> [Task item]: Transcribe the data underneath exactly. No images belong in your version.

|---|

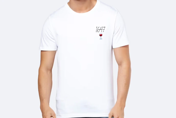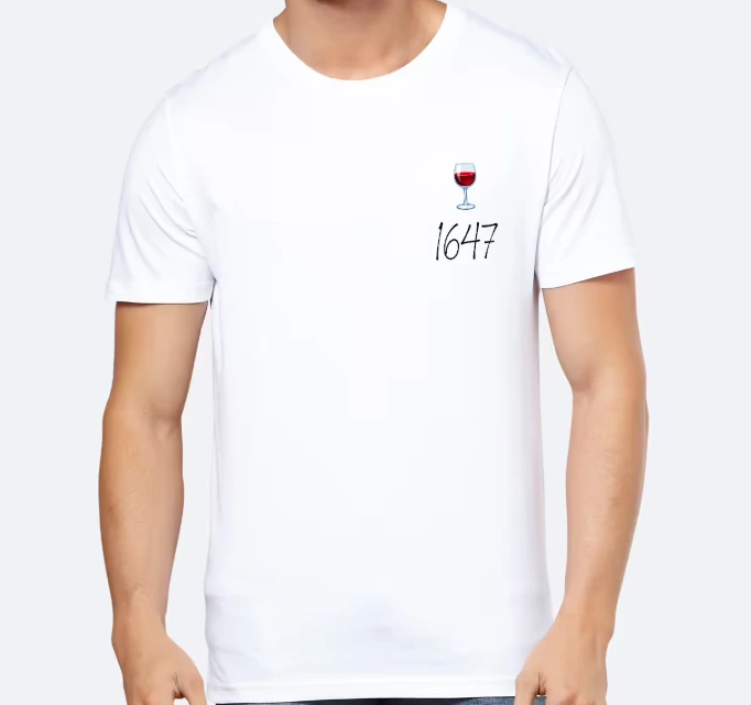Le logo 1647 en noir, accompagné d'un vert de vin rouge, en haut, côté gauche.
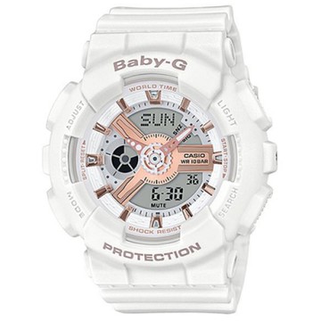 BABY-G 柔美玫瑰金設計休閒運動雙顯錶-白(BA-110XRG-7A)/43.4mm
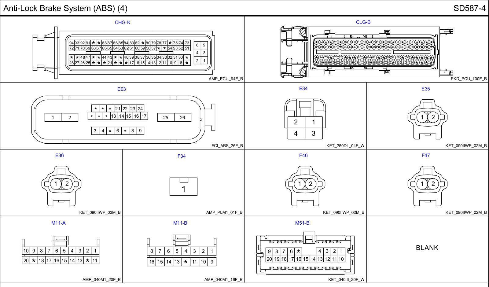 Anti-Lock Brake System (ABS) (4) Connector Pin Outs:
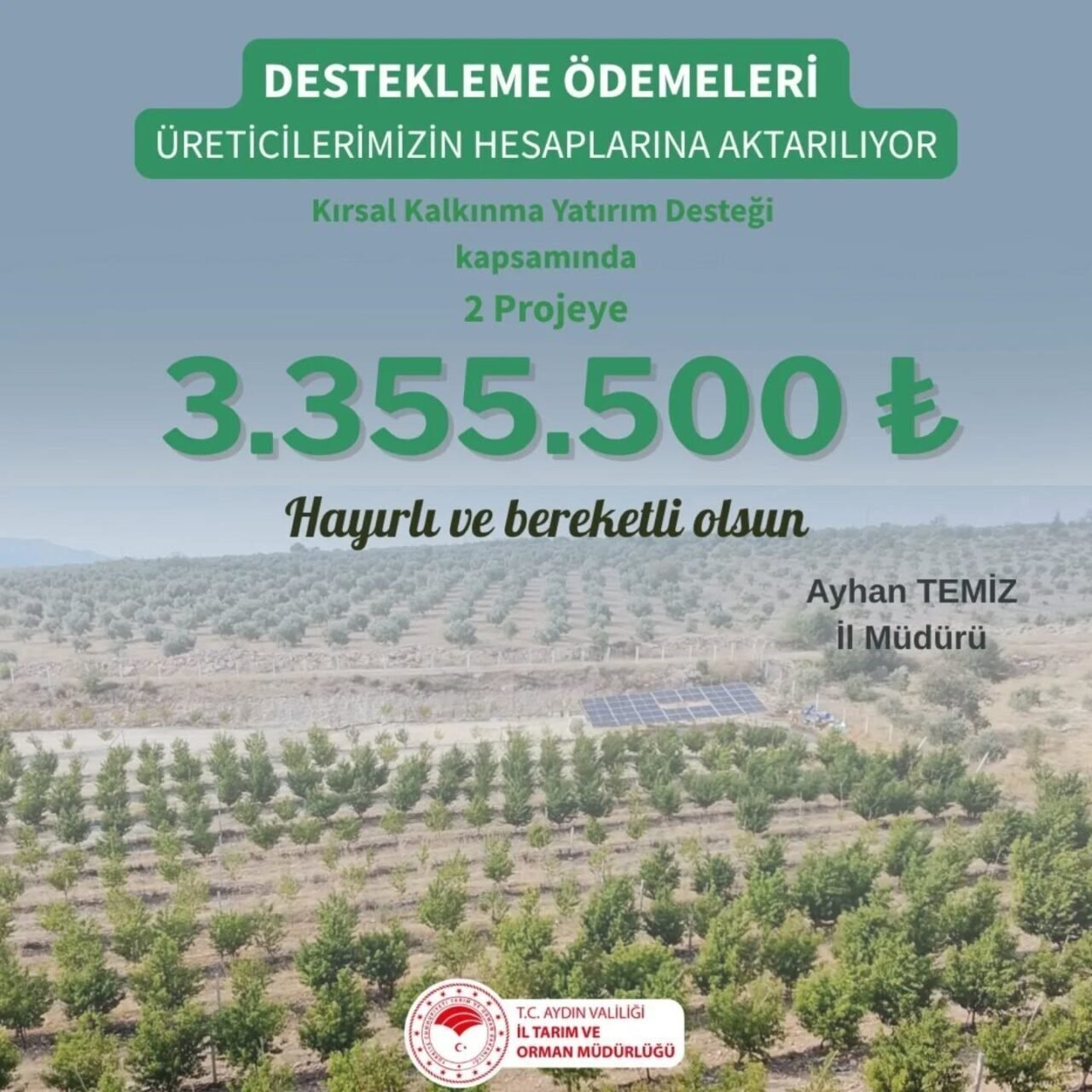 Aydın İl Tarım ve Orman Müdürlüğü, Kırsal Kalkınma Yatırımları Destekleme Programı kapsamında 2 projeye toplam 3 milyon 355 bin 500 TL destek ödemesi yaparak üreticilerin hesaplarına aktardı.
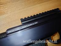 Montiert ist eine Picatinny Schiene von UTG 11mm Prisma auf Picatinny) und ein UTG Recon 360 Zweibein aus Aluminium. Im Original Koffer.
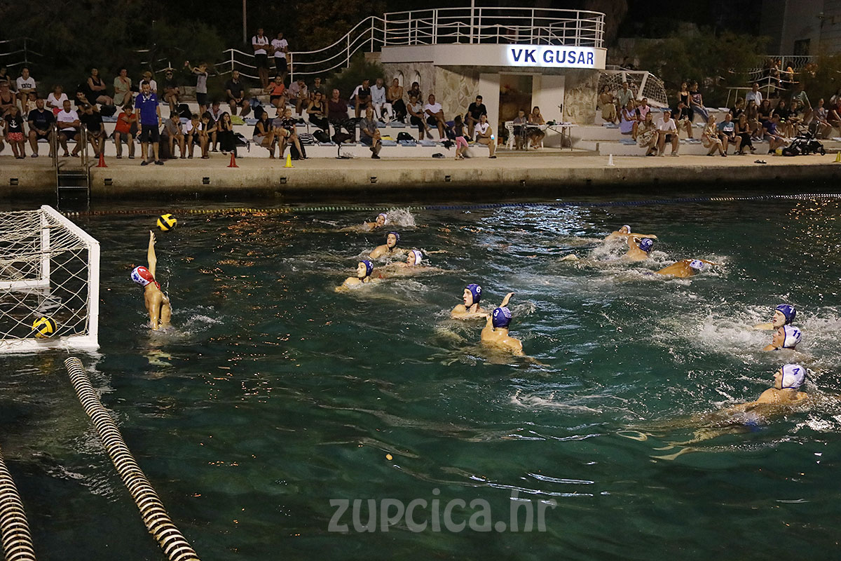 Kao uvod u zabavu Feste Svetog Roka sinoć je na plivalištu odigrana utakmica između Gusara i kombinirane seniorsko-juniorske momčadi Jug Adriatic osiguranja. Bila je to, ako izuzmemo utakmice Divlje lige, vjerojatno jedina seniorska utakmica koja se u Mlinima mogla gledati ovog ljeta, utakmica nekada ljetnog sporta koji je okupljao brojnu publiku koja je pratila uzbudljive i napete drugoligaške utakmice na plivalištima duž Jadranske obale. Ova utakmica je bila i zamjena za onu tradicionalnu na Sv.Roka između Gusara i Cavtata jer Cavtat zbog ovakvog stanja u hrvatskom vaterpolu nema seniorsku momčad.
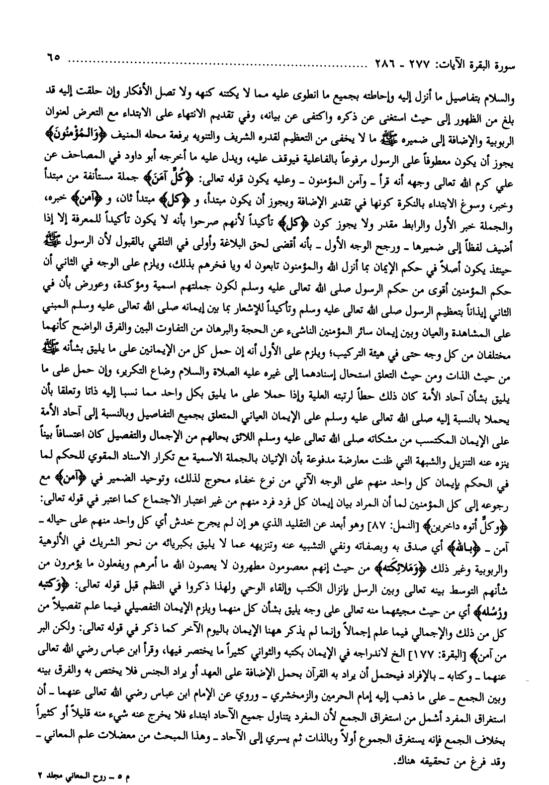 وَكُلٌّ أَتَوْهُ داخِرِينَ [النمل: 87] وهو أبعد عن التقليد الذي هو إن لم يجرح خدش أي كل واحد منهم على حياله- آمن- بِاللَّهِ أي صدق به وبصفاته ونفي التشبيه عنه وتنزيهه عما لا يليق بكبريائه من نحو الشريك في الألوهية والربوبية وغير ذلك وَمَلائِكَتِهِ من حيث إنهم معصومون مطهرون لا يعصون الله ما أمرهم ويفعلون ما يؤمرون من شأنهم التوسط بينه تعالى وبين الرسل بإنزال الكتب وإلقاء الوحي ولهذا ذكروا في النظم قبل قوله تعالى: وَكُتُبِهِ وَرُسُلِهِ أي من حيث مجيئهما منه تعالى على وجه يليق بشأن كل منهما ويلزم الإيمان التفصيلي فيما علم تفصيلا من كل من ذلك والإجمالي فيما علم إجمالا وإنما لم يذكر هاهنا الإيمان باليوم الآخر كما ذكر في قوله تعالى: وَلكِنَّ الْبِرَّ مَنْ آمَنَ [البقرة: 177] إلخ لاندراجه في الإيمان بكتبه والثواني كثيرا ما يختصر فيها، وقرأ ابن عباس رضي الله تعالى عنهما- وكتابه- بالإفراد فيحتمل أن يراد به القرآن بحمل الإضافة على العهد أو يراد الجنس فلا يختص به والفرق بينه وبين الجمع- على ما ذهب إليه إمام الحرمين والزمخشري- وروي عن الإمام ابن عباس رضي الله تعالى عنهما- أن استغراق المفرد أشمل من استغراق الجمع لأن المفرد يتناول جميع الآحاد ابتداء فلا يخرج عنه شيء منه قليلا أو كثيرا بخلاف الجمع فإنه يستغرق الجموع أولا وبالذات ثم يسري إلى الآحاد- وهذا المبحث من معضلات علم المعاني- وقد فرغ من تحقيقه هناك.

|---|

> [Answer to the exercise]:
Le logo 1647 en noir, accompagné d'un vert de vin rouge, en haut, côté gauche.
 BABY-G 柔美玫瑰金設計休閒運動雙顯錶-白(BA-110XRG-7A)/43.4mm
 Anti-Lock Brake System (ABS) (4) Connector Pin Outs:
 Aydın İl Tarım ve Orman Müdürlüğü, Kırsal Kalkınma Yatırımları Destekleme Programı kapsamında 2 projeye toplam 3 milyon 355 bin 500 TL destek ödemesi yaparak üreticilerin hesaplarına aktardı.
 Montiert ist eine Picatinny Schiene von UTG 11mm Prisma auf Picatinny) und ein UTG Recon 360 Zweibein aus Aluminium. Im Original Koffer.
 Kao uvod u zabavu Feste Svetog Roka sinoć je na plivalištu odigrana utakmica između Gusara i kombinirane seniorsko-juniorske momčadi Jug Adriatic osiguranja. Bila je to, ako izuzmemo utakmice Divlje lige, vjerojatno jedina seniorska utakmica koja se u Mlinima mogla gledati ovog ljeta, utakmica nekada ljetnog sporta koji je okupljao brojnu publiku koja je pratila uzbudljive i napete drugoligaške utakmice na plivalištima duž Jadranske obale. Ova utakmica je bila i zamjena za onu tradicionalnu na Sv.Roka između Gusara i Cavtata jer Cavtat zbog ovakvog stanja u hrvatskom vaterpolu nema seniorsku momčad.
 وَكُلٌّ أَتَوْهُ داخِرِينَ [النمل: 87] وهو أبعد عن التقليد الذي هو إن لم يجرح خدش أي كل واحد منهم على حياله- آمن- بِاللَّهِ أي صدق به وبصفاته ونفي التشبيه عنه وتنزيهه عما لا يليق بكبريائه من نحو الشريك في الألوهية والربوبية وغير ذلك وَمَلائِكَتِهِ من حيث إنهم معصومون مطهرون لا يعصون الله ما أمرهم ويفعلون ما يؤمرون من شأنهم التوسط بينه تعالى وبين الرسل بإنزال الكتب وإلقاء الوحي ولهذا ذكروا في النظم قبل قوله تعالى: وَكُتُبِهِ وَرُسُلِهِ أي من حيث مجيئهما منه تعالى على وجه يليق بشأن كل منهما ويلزم الإيمان التفصيلي فيما علم تفصيلا من كل من ذلك والإجمالي فيما علم إجمالا وإنما لم يذكر هاهنا الإيمان باليوم الآخر كما ذكر في قوله تعالى: وَلكِنَّ الْبِرَّ مَنْ آمَنَ [البقرة: 177] إلخ لاندراجه في الإيمان بكتبه والثواني كثيرا ما يختصر فيها، وقرأ ابن عباس رضي الله تعالى عنهما- وكتابه- بالإفراد فيحتمل أن يراد به القرآن بحمل الإضافة على العهد أو يراد الجنس فلا يختص به والفرق بينه وبين الجمع- على ما ذهب إليه إمام الحرمين والزمخشري- وروي عن الإمام ابن عباس رضي الله تعالى عنهما- أن استغراق المفرد أشمل من استغراق الجمع لأن المفرد يتناول جميع الآحاد ابتداء فلا يخرج عنه شيء منه قليلا أو كثيرا بخلاف الجمع فإنه يستغرق الجموع أولا وبالذات ثم يسري إلى الآحاد- وهذا المبحث من معضلات علم المعاني- وقد فرغ من تحقيقه هناك.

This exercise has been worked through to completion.